The package of anti-corruption laws includes the laws “On amendments to the Criminal Code of Ukraine concerning improvements in the field of special confiscation in order to eliminate corruption risks of its usage”, “On Amendments to the Criminal Procedure Code of Ukraine on specific seizure of assets in order to eliminate its usage for corruption purpose” and the Law “On the National Agency of Ukraine for identifying, tracing and management of assets derived from corruption and other crimes”.

Despite the declared transparency and fight against corruption, these legislative changes may have the opposite effect. First of all, they may concern the assets of persons having indirect relation to those who are suspected, accused or convicted of corruption-related crimes.

For example, the previous version of part 4 of Art. 96-2 of the Criminal Code clearly established the connection between a third party and an offense: “if the person who received the property knew or should have known that such property was obtained as a result of commitment of the crime”. Now, the interests of persons having no relation to the crimes involving special confiscation provided for by the Art.96-1 of the Criminal Code may be affected.

According to the updated version of the rule, it provides for two grounds when the property is subject to arrest: if a third party obtained property free of charge from the suspect, accused or convicted or purchased such property at a price significantly below market; or  knew or should have known that the purpose of the transfer of property is to avoid confiscation.

Although the new version contains a provision whereunder a special confiscation cannot be applied to the property of a good faith purchaser, however, the fact of acquisition of property free of charge or acquisition of the undervalued one should not be viewed as an evidence of the purchaser’s bad faith. In addition, even if the person knew that the previous owner of the property acquired it by illegal means, it is very difficult to prove in practice, especially if the property was purchased at the market price.

In any case, while drafting, for example, the contract of sale of real estate, the parties should pay more attention to the issue of assessing the value of such estate and determining the contract price. However, everything may not seem to be so simple now.

Thus, the National Agency of Ukraine for identifying, tracing and management of assets derived from corruption and other crimes is endowed with fairly broad powers by the new law. In particular, subject to Art. 10 of the Law, it can submit claims for recognition of agreements to be null and void, obtain any kind of information (including information involving bank secrecy), make requests for information outside the context of specific criminal proceedings even without having to explain the reasons for that.
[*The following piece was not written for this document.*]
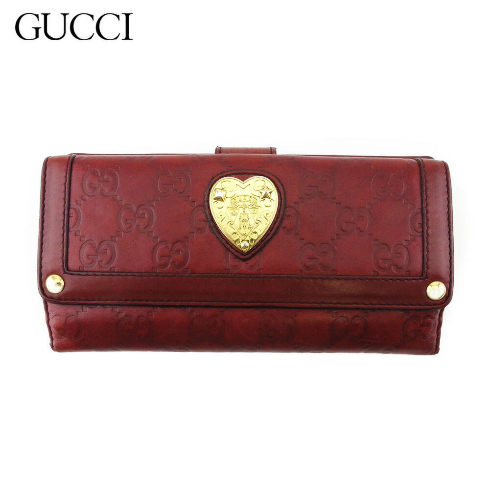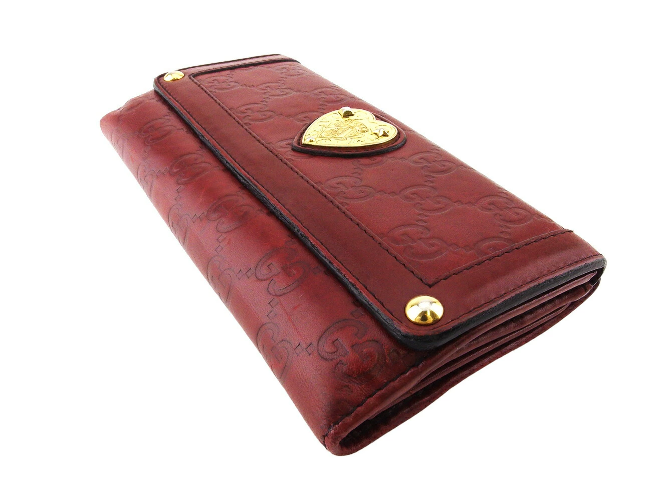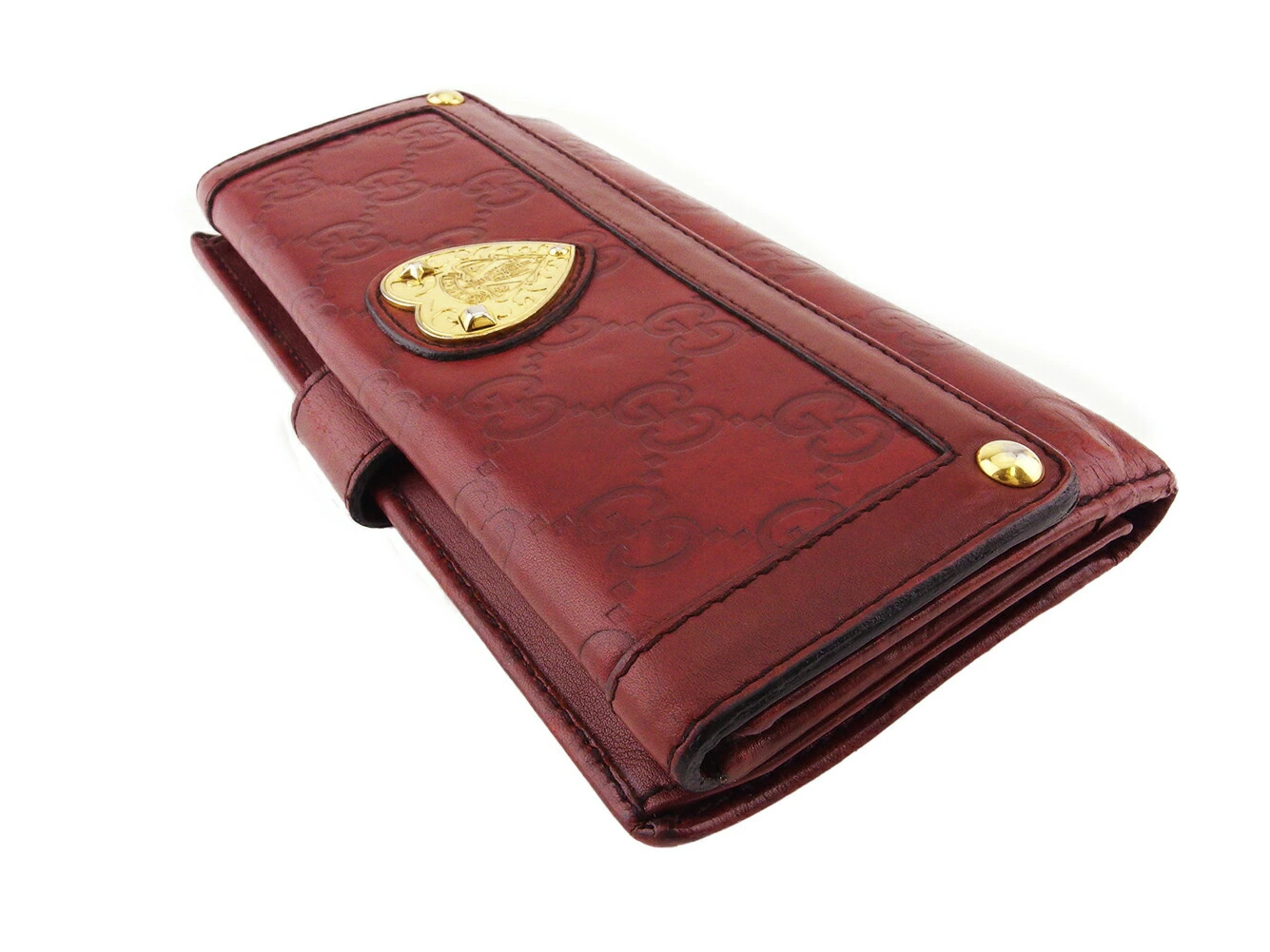 [Rakuten Fashion THE SALE ★ Up to 50% Off] Gucci Long Wallet, Guccissima Heart Crest, Hysteria, Bordeaux, Gold, Women's, Pre-owned, High-End Brand, Vintage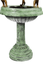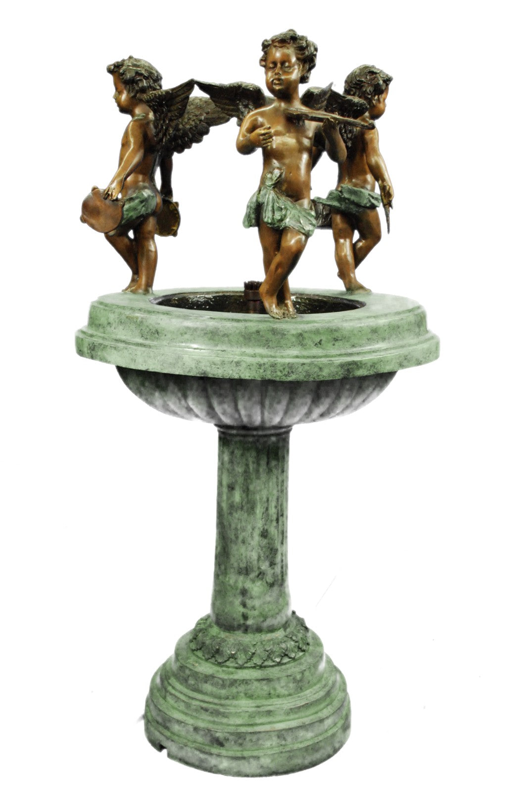 Adorable cherubs make the European Finery design The three Splashing Putti Sculptural Fountain a whimsical addition to your outdoor space. This water fountain doubles as a bird bath is made of durable 100% Real bronze. Its verdigris bronze finish elevates the look. From globe finial to cute cherubs to classic basic, this water feature is incredible.It also feature artist Signature Marius.Bronze Dimensions Base:Height 49" x Width 26"

At the same time, the agency cannot make an independent assessment of the assets. For this purpose, it will involve third-party companies intended to optimize the management. There are no specific criteria and principles of assessment of seized assets, as well as of the selection of entities to do it. This casts a shadow of a doubt on the objectivity and transparency in the implementation of assessment procedures in practice.

Article 1 of Protocol 1 to the Convention for the Protection of Human Rights and Fundamental Freedoms of 20 March 1952 provides that every natural or legal person is entitled to the peaceful enjoyment of his possessions. In Marckx v. Belgium case, the ECHR pointed out that this article is aimed at protecting every person from deprivation of his possessions. In the context of changes into Ukrainian legislation, it should be emphasized that the right to respect the property includes the concept of its preservation. For example, if the National Agency puts funds to an account of the bank that will be liquidated, then, in case of withdrawal of arrest, a person will be able to receive only an amount not exceeding 200 thousand hryvnias. In this case, it is impossible to speak of fair protection of property rights. In Sporrong and Lönnroth v. Sweden case, the Court held that the State while arresting the property should take into consideration fair balance between the public interests and the rights of individuals.

The EU Directive on the freezing and confiscation of instrumentalities and proceeds of crime in the European Union of 3 April 2014 was used as a guide for drafting the law on special confiscation. However, the Ukrainian version does not seem to be completely identical to it. It requires new amendments to set more clear guidelines in determining the new powers of public authorities.

Significant gaps in legislation will definitely entail many high-profile trials in Ukraine. The end of the debate as to the scope of the use of special confiscation may be put by the Constitutional Court of Ukraine, because the Constitution still envisages the right to private property as inviolable. In addition, the prospect of claims against Ukraine to the European Court of Human Rights for abusive seizure and confiscation of the property is also quite certain.